Ever since my retirement in 1971, I have been obsessed with the idea of writing my memoirs. My career encompassed fairly variegated times. I started service in the Provincial Civil Service (PCS) of the United Provinces (later, Uttar Pradesh) in 1936, during the heyday of the British Raj. At this time, I served in a number of districts reporting to various British Collectors till 1947. From 1937 to 1939, I had the privilege of working under the first Congress government. I was also part of the government effort during the Second World War. I was a witness to, and had to deal with administrative matters arising out of the national movement of the time, specially from 1940 to 1942. I also witnessed the great holocaust and exodus during India's Partition in 1947. After India won Independence, I was the Home Secretary in the then Delhi State from 1947 to 1954. It was a state with a population of around 9 lakh in 1949 but with a refugee issue that I had to handle. It was my privilege to have had a hand in the building up of Delhi's administration, the police force, and also in the construction of the Tis Hazari courts and Tihar Jail. Thereafter, I was in the Indian Airlines Corporation, from 1954 to 1958 in the initial stages, and worked out the rules, helped in establishing the headquarters, while merging the staff of different companies into an integrated Indian Airlines structure. I take pride in having been somewhat responsible for the construction of Airline House at Calcutta and Delhi.
I have functioned as Excise Commissioner of Uttar Pradesh (1958-61), as Agriculture Extension Commissioner in the Ministry of Food and Agriculture (1961-64), and also as Director General, All India Radio, and as Joint Secretary, Ministry of Information & Broadcasting (1964-68). I worked with Mrs Indira Gandhi from October 1964 to January 1966-an unforgettable experience.

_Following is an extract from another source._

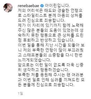 일단 아이린은 공식적으로 사과를 했고, 당장에 잡혔던 레드벨벳의 24일 '2020 한국문화축제' 팬미팅 라이브 행사 스케줄도 취소했다. 자신의 문제를 인지한 이에게 막무가내의 비난보다는 '명확한 지적'이 필요해 보인다. A씨의 폭로 취지도 '단순 비난'은 아니었을 테다.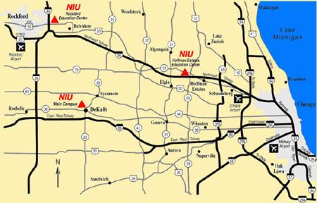 Chartered in 1895, Northern Illinois University is a comprehensive teaching and research institution with a student enrollment of nearly 23,000. Located in one of the most dynamic regions of the country, with its main campus in the City of DeKalb, Northern also operates regional sites in Rockford, Hoffman Estates, Oregon, and Naperville (scheduled to open fall 2000). The university is composed of seven degree-granting colleges that together offer 54 undergraduate majors; 70 graduate majors, including 10 Ph.D. programs, doctoral degrees in Education and the Juris Doctorate. NIU is a NCAA Division I school and the NIU Huskies compete in the Mid-American Conference. Visit the NIU CAMPUS web site |

With these rare and valuable understandings, I have been persuaded by friends to set forth in writing some of the important events that may be of interest to others. Though historians, academicians and politicians have given their versions of what transpired during the freedom movement in 1942, there does not exist a narrative of exactly what happened in 1942 from the viewpoint of a civil servant who witnessed many events up close. I have also given an account of the British Collectors-their intelligence and commitment and also their shortcomings. And so this peep into the past may be a peep into history as well.
What had dissuaded me so far from undertaking this journey was the futility of it. A record of experiences in life, as Macbeth said in the play, is just 'a tale told by an idiot, full of sound and fury, signifying nothing'. At best, it promises glimpses of a bygone age and has no more than a semi-historical value. But even histories are being re-written now, and the greatest are getting forgotten. To many, Gandhiji is just a name; and many other shining figures are fading into oblivion. The rush and speed of modern civilization is like an avalanche which is obliterating all pillars and pyramids of history.
And yet the urge to record what one has seen persists. When the river rushes on, the mountain stays and remembers. We like to remember and look back. And so is the case with this glimpse into the past.